Media Used: LB Media: 10g tryptone, 10g sodium chloride, 5g yeast extract, 1L volume; autoclaved and stored in fridge before use M9 Minimal media: 20mL of M9 salts, 2ml 20% glucose, 200uL 1M MgSO4, 10uL 1M CaCl2, 78mL H20. Filter sterilized and stored at room temperature. Basic Protocol: 1. In order to convert OD600 absorbance values to colony forming units, a standard curve using microspheres from the measurement kit was used. For protocols, please refer to iGEM’s 2018 measurement study. 2. Samples grown overnight in LB media + antibiotic were spun down and given fresh media. Samples were diluted in LB or minimal media to an OD600 of 0.1. using a multichannel pipette, they were loaded onto a 96 well plate in triplicate. Three biological replicates and three technical replicates were used. 3. Samples, LB media control and minimal media control were run with a Spectramax i3X. Samples were read for 16 hours at run at a temperature of 37˚C. Pathlength correction was turned of and absorbance was read at 600nm. Samples were shaken in between reads. 4. Data analysis was done to account for LB absorbance (from the control) then the technical and biological replicate values were averaged. Values were then converted into colony forming units. Standard deviation was also determined, and the graphs were created as seen below.

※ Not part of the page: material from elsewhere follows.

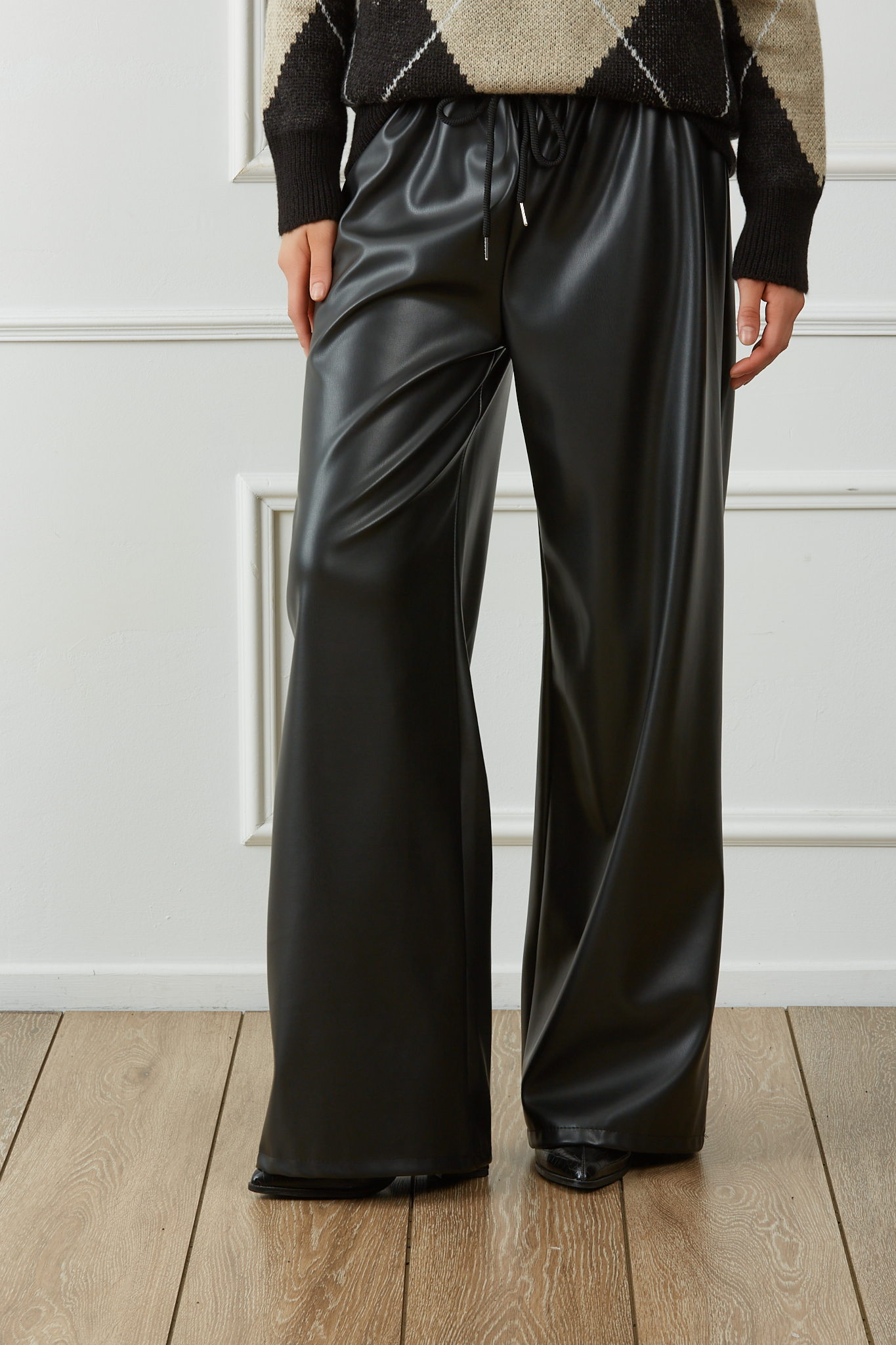 Palomaπαντελόνα από οικολογικό δέρμα μαύρο

T--Lethbridge--Characterization_Figure1.png Figure 1: Standard curve of the microsphere calibration protocol. R2 value was determined to be a value of 0.9997.

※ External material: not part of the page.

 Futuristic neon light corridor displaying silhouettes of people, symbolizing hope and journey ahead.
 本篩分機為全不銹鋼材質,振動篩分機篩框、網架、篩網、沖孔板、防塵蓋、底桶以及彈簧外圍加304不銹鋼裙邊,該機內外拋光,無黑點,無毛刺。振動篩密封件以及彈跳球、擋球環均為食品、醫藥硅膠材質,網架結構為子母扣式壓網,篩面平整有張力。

T--Lethbridge--Characterization_Figure2.png Figure 2: E.coli DH5α populations with measurement plasmids in LB as compared to DH5α cells without plasmid over time at 37˚C. T--Lethbridge--Characterization_Figure3.png Figure 3: E. coli DH5α populations with measurement plasmids in Minimal media as compared to DH5α cells without plasmid in LB media over time at 37˚C. T--Lethbridge--Characterization_Figure4Actual.png Figure 4: Measurement of part BBa_J364001 in LB and minimal media as compared to DH5α cells without a plasmid grown in LB. T--Lethbridge--Characterization_Figure5.png Figure 5: Measurement of part BBa_J364002 in LB and minimal media as compared to DH5α cells without a plasmid grown in LB. T--Lethbridge--Characterization_Figure_6.png Figure 6: Measurement of part BBa_J364000 in LB and minimal media as compared to DH5α cells without a plasmid grown in LB.